• **STORED DATA**
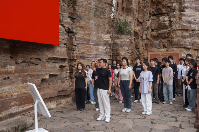 在红旗渠青年洞前,全体师生肃然站立。党员教师带领大家,在党旗下重温入党誓词。洪亮的誓言回荡在山谷间,字字铿锵、句句有力,仿佛将心中的信仰再次刻进血脉。
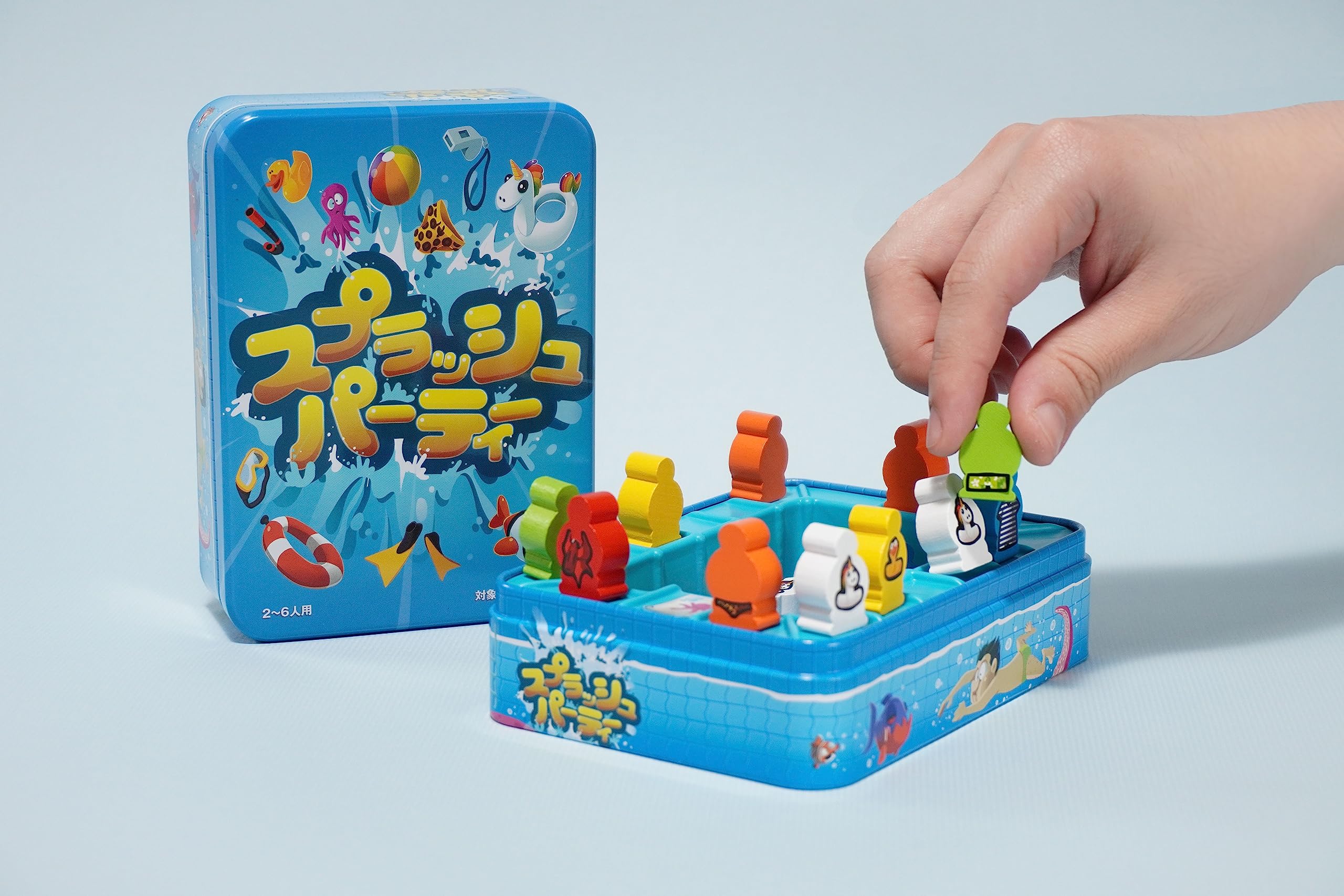 大事なのは駆け引きとハッタリ! 失敗するまでずぶ濡れに! みんなで楽しめるゲームです。 1:自分のコマの色はみんなにヒミツ! 2:好きなコマを選んでプールサイドを1?3マス移動させよう。 移動先に他のコマがあればプールに落とせるぞ! 3:最後までプールサイドに残っていたら勝ち! 箱サイズ:14.5×10.5×4 プレイ時間:10分 プレイ人数:2~6人用 年齢対象:6歳以上 ゲームデザイン:ハインツ・マイスター
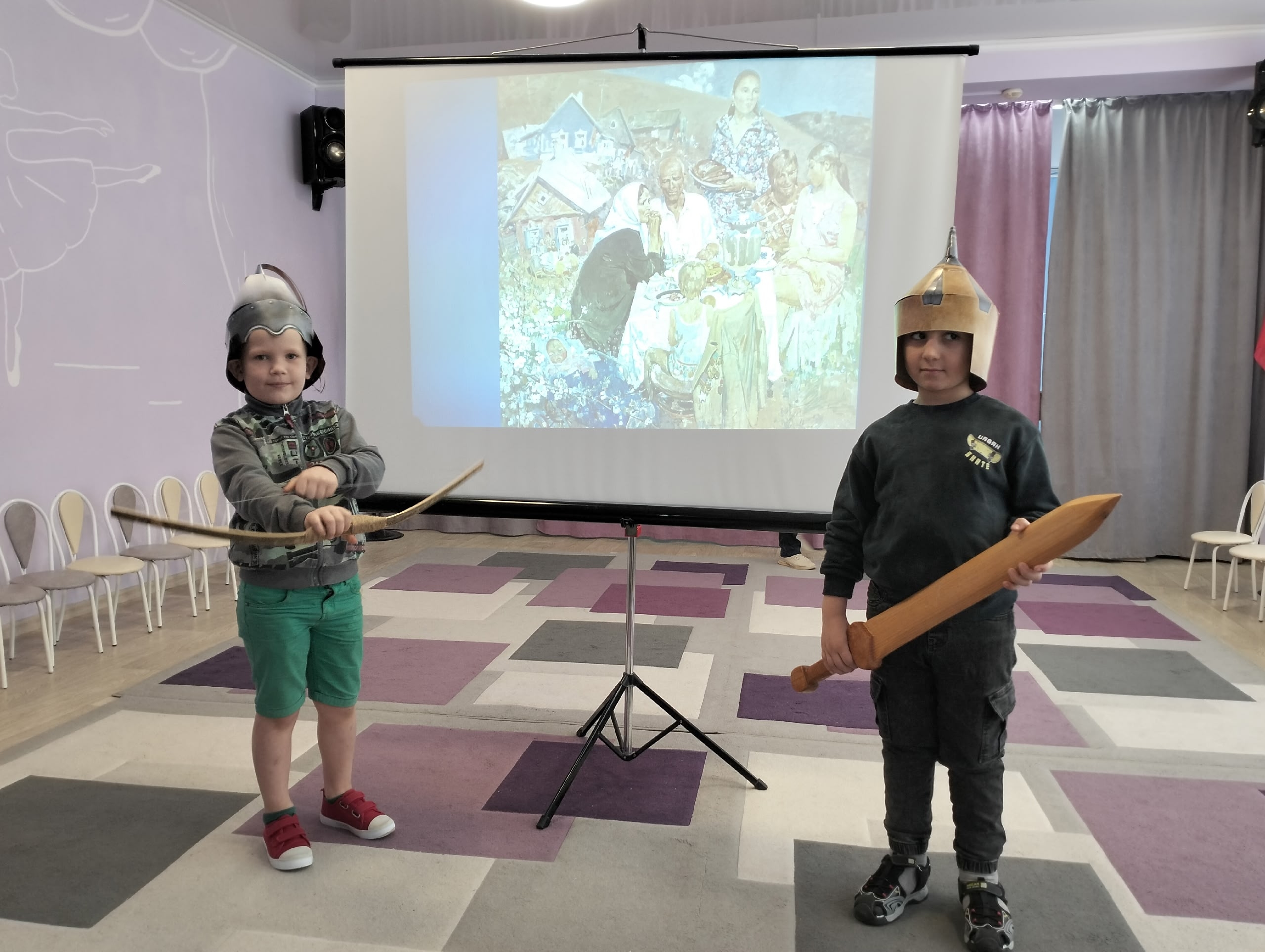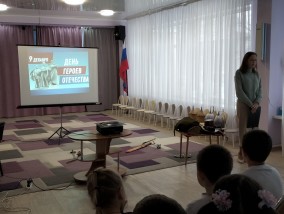 9 декабря — День героев Отечества. А кто такие герои? Что надо уметь, чтобы стать героем? Какими качествами должен обладать герой? На эти вопросы отвечали воспитанники детского сада «Заинька». Ребята вспомнили богатырей, узнали об Александре Невском и Дмитрие Донском, вспомнили героев Великой Отечественной войны и современных военных операций. На экране смотрели картины из Виртуального тура «Страна Побед. К 80-й годовщине Победы в Великой Отечественной войне» (rusmuseumvrm.ru/data/vtour...). А также примерили образ богатырей и солдата.
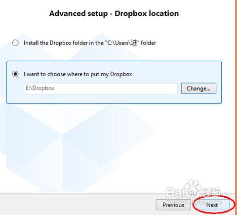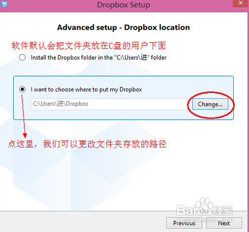 這里有二個(gè)選項(xiàng),一個(gè)是軟件默認(rèn)的安裝同步文件夾的位置,是在 C 盤下用戶目錄中。另一個(gè)是我們可以自定義的路徑,如其它盤 D、E、盤都可以。我們點(diǎn)擊“Change”,如下圖所示

• **DIRECTIONS FOR THIS TASK**
Could the material above be written out again word for word, with the pictures dropped?

• **FINISHED TASK**
 在红旗渠青年洞前,全体师生肃然站立。党员教师带领大家,在党旗下重温入党誓词。洪亮的誓言回荡在山谷间,字字铿锵、句句有力,仿佛将心中的信仰再次刻进血脉。
 大事なのは駆け引きとハッタリ! 失敗するまでずぶ濡れに! みんなで楽しめるゲームです。 1:自分のコマの色はみんなにヒミツ! 2:好きなコマを選んでプールサイドを1?3マス移動させよう。 移動先に他のコマがあればプールに落とせるぞ! 3:最後までプールサイドに残っていたら勝ち! 箱サイズ:14.5×10.5×4 プレイ時間:10分 プレイ人数:2~6人用 年齢対象:6歳以上 ゲームデザイン:ハインツ・マイスター
 9 декабря — День героев Отечества. А кто такие герои? Что надо уметь, чтобы стать героем? Какими качествами должен обладать герой? На эти вопросы отвечали воспитанники детского сада «Заинька». Ребята вспомнили богатырей, узнали об Александре Невском и Дмитрие Донском, вспомнили героев Великой Отечественной войны и современных военных операций. На экране смотрели картины из Виртуального тура «Страна Побед. К 80-й годовщине Победы в Великой Отечественной войне» (rusmuseumvrm.ru/data/vtour...). А также примерили образ богатырей и солдата.
 這里有二個(gè)選項(xiàng),一個(gè)是軟件默認(rèn)的安裝同步文件夾的位置,是在 C 盤下用戶目錄中。另一個(gè)是我們可以自定義的路徑,如其它盤 D、E、盤都可以。我們點(diǎn)擊“Change”,如下圖所示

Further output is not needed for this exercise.